Home>Campaigns>Appellate court backs up right of N.J. election officials to limit use of ballot slogans

Eugene Mazo. (Photo: Eugene Mazo).

Appellate court backs up right of N.J. election officials to limit use of ballot slogans

U.S. Court of Appeals says New Jersey has ‘struck the proper balance’

By David Wildstein, November 25 2022 12:59 pm

New Jersey’s limit on appropriate ballot slogans was upheld by the U.S. Court of Appeals for the Third Circuit on Wednesday, allowing election officials to prevent candidates from using other people’s names or slogans.

The lawsuit came after Eugene Mazo, a constitutional law professor at Rutgers University, tested the state’s slogan law after a brief bids for the Democratic congressional nomination in New  Jersey’s 10th district in 2020 and the 8th district in 2022.

In 2020, Mazo attempted to run under the slogans “Essex County Democratic Committee, Inc.,” “Hudson County Democratic Organization” and “Regular Democratic Organization of Union County” but was blocked because the county organizations are backing Payne.

He filed a lawsuit with shadowy perennial candidate Lisa McCormick in 2020 after he bid to run under the slogans, “Not Me, Us” and “Bernie Sanders Betrayed the NJ Revolution” were rejected because she lacked authorization to use them.

Last summer, U.S. District Court Chief Judge Freda Wolfson dismissed a lawsuit filed by Mazo arguing that a requirement to get the consent of a party organization to use their ballot slogan was unconstitutional.   Wolfson said that Mazo couldn’t “plausibly” claim that the statute violated his First Amendment rights.

“To    safeguard    the    promise    of    democratic    self-governance, our constitution charges States with the noble but often  difficult  duty  to  protect  the  fairness  and  integrity  of elections  without  stifling  the  free  exchange  of  ideas  and associations  that  takes  place  between  voters,  parties,  and candidates  as  part  of  every  political  campaign,” wrote Judge Cheryl Ann Krause of the U.S. Court of Appeals for the Third Circuit.  “And  while courts have their own duty to fiercely guard First Amendment rights, where States enact politically neutral regulations of the mechanics   of   the   electoral   process   itself,   the   deference embodied  in  the Anderson-Burdick balancing  test  is  both appropriate  and  necessary.”

Krause said that “New  Jersey  has  struck  a proper  balance  between  the  rights  of  voters,  candidates,  and third parties on the one hand, and the need to ensure order and fairness on the ballot on the other.”

Earlier this year, Mazo sought to use the slogan “Supported by the Governor” in the Union County portion of the 8th; Gov. Phil Murphy had already endorsed Robert J. Menendez for the seat.  He sought to use “Endorsed by the New York Times” in Hudson.

But then-Division of Elections director Robert Giles rejected both slogans, allowing Mazo to only use the “Professor.  Lawyer.  Author.  Immigrant.  Proud Newarker” slogan that he had filed in Essex.  Giles told Mazo that he could not use the slogans without the consent of Murphy and the New York Times, respectively.
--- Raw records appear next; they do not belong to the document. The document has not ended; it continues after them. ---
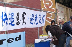 Le 17 juin 2006, les pratiquants de Falun Gong ont de nouveau organisé un rassemblement à Chinatown pour soutenir les dix millions de démissions du Parti communiste chinois (PCC) et pour demander à tous les milieux de prêter attention et arrêter la persécution du PCC contre le Falun Gong. Sur le lieu de rendez-vous, il y avait des banderoles en anglais et en chinois, et des affiches exposant les crimes du PCC.
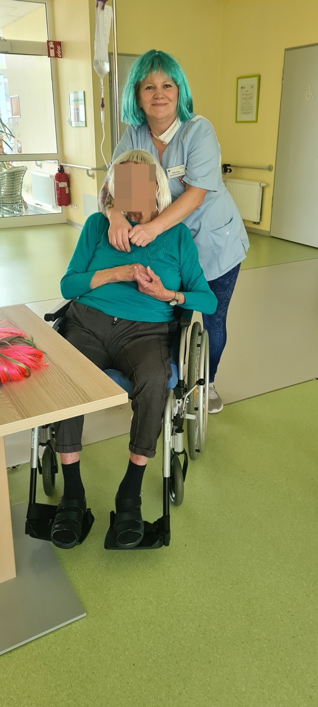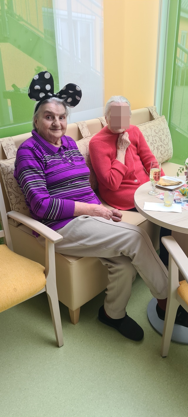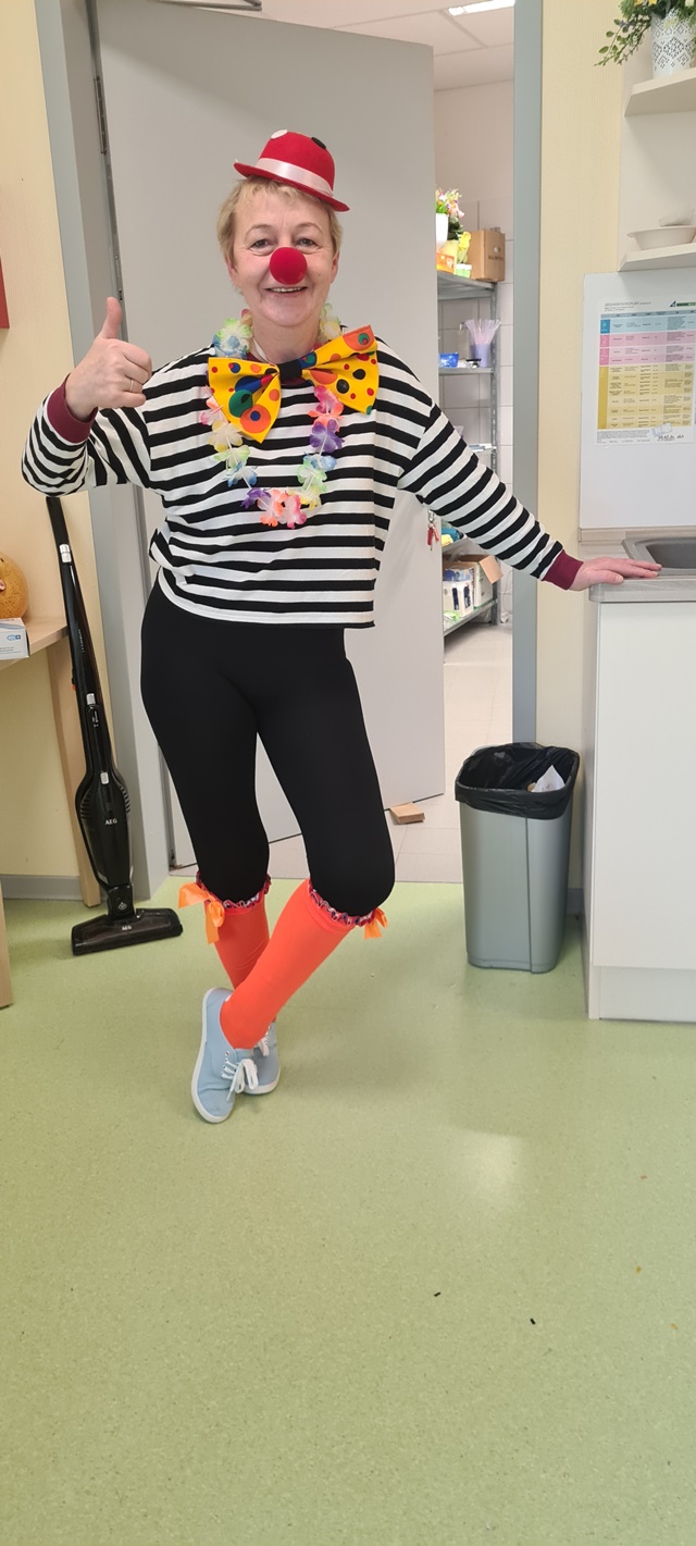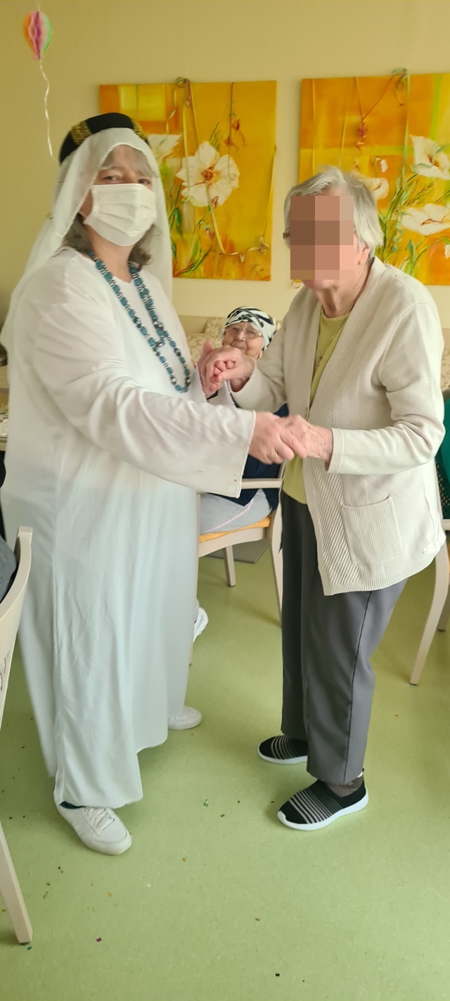 Natürlich haben sich nicht nur die Bewohner verkleidet und herausgeputzt, sondern auch die Mitarbeiter. Aus unseren Faschingskisten haben wir tolle Kostüme, Perücken, Haarreifen und Hüte herausgeholt und alle damit verschönert.
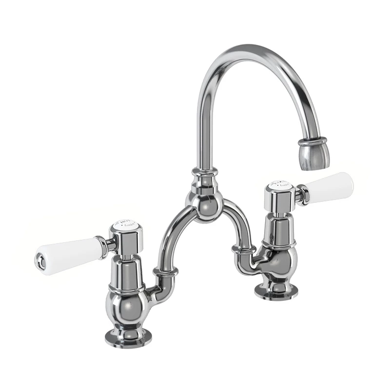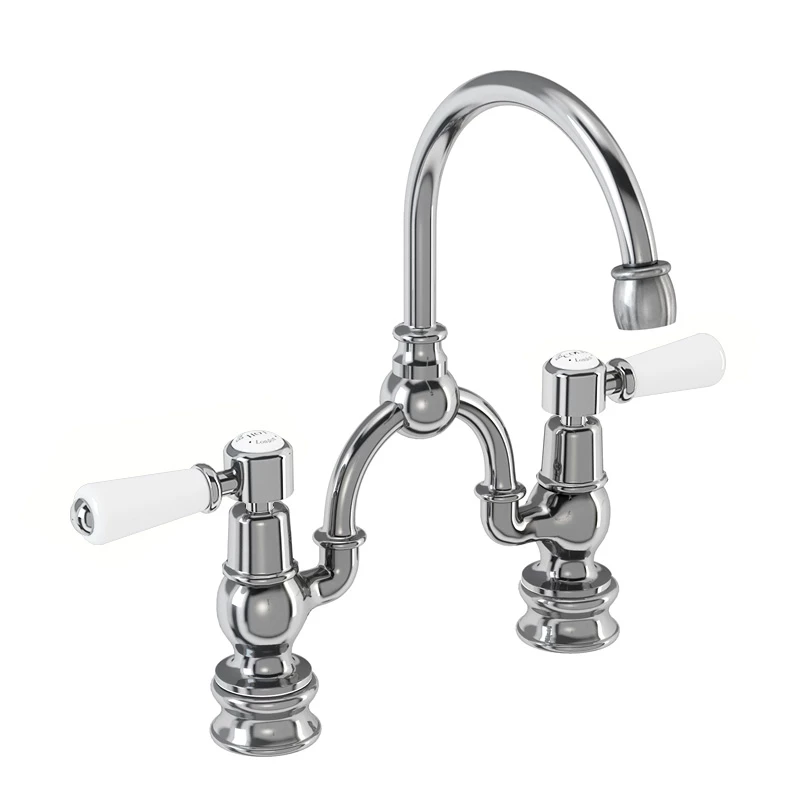 Arguably the most regal and stunning tap within the Kensington range, this Arch Basin Mixer combines intricate detailing with a wonderfully curved spout to create a traditional tap to remember. The body is crafted from the finest solid brass, accented with white ceramic tap levers and indice, and finished in a stylish polished chrome. Despite the period design this mixer is packed full of contemporary technology. Ceramic disc cartridges control the water flow and temperature with a simple quarter-turn of the handle, and a Neopearl flow straightener and aerator is supplied with it to ensure you get a consistent, steady stream of water with every use.
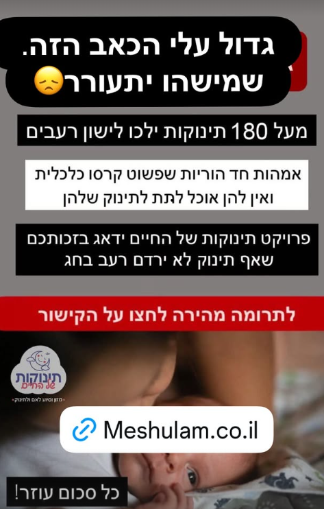 מאיה בוסקילה שיתפה קמפיין של עמותת "תינוקות של החיים", שפועלת לסיוע לאימהות מעוטות יכולת במזון ודברים שונים. "זה גדול עליי, הכאב שזה עושה. מדינה במצוקה. שמישהו יתעורר", בוסקילה רשמה.
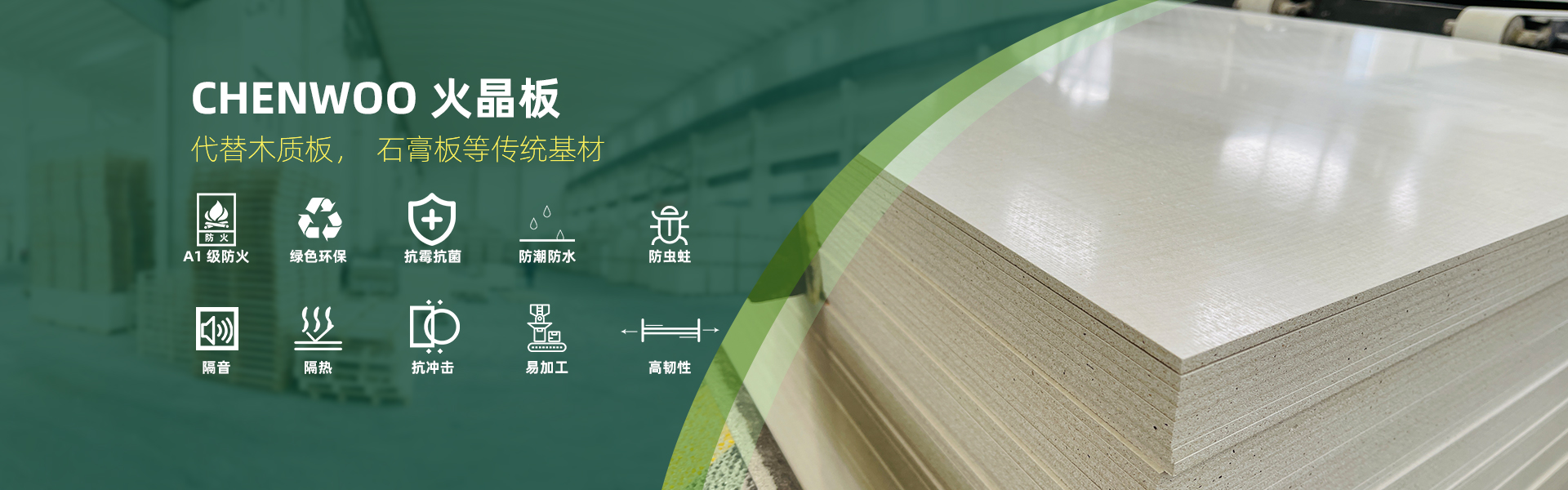 本公司生產的無機火晶板在兼并現有有機板材的各項性能的同時,具有燃燒性能A1級,安全環保,耐水防潮,防蟲防害,保溫隔熱,隔音降噪,易加工,握釘力強等優越特性,是取代傳統木質板材、石膏板的無憂選擇。 【查看詳情】
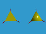 The above left triangle is generated with vertices < 1, 0, 0 >, < 0, 1, 0 > and < 0, 0, 1 >:
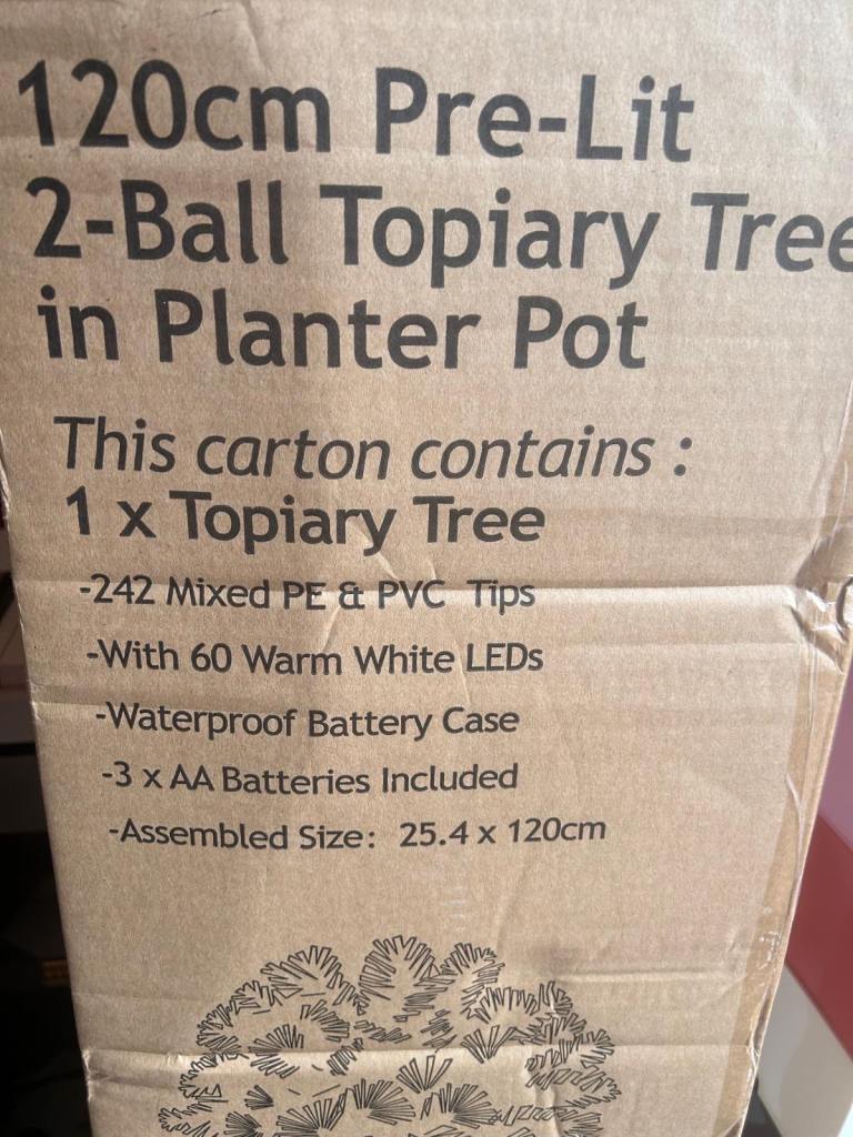 I cannot seem to get the lights to work since Christmas. Not sure what is going on but have not got the time or patience to work through it. I’m sure someone can make it work and enjoy it more than us. Comes in stunning pot.

The U.S. District Court agreed with Giles, saying that

In the 4th district, Republican Robert Shapiro was permitted to swap out his original slogan, “Let’s Go Brand*n – FJB” with “Let’s Go Brand*n” after election officials explained that “FJB” referred to a particular individual – in this case, an acronym widely known to mean “Fuck Joe Biden” – and that he would need Biden’s permission.

Ultimately, Mazo and Shapiro did not run in the June primary because they failed to obtain fifty valid signatures to get on the ballot.

Manzo and McCormick are on the hook for the costs of the appeal.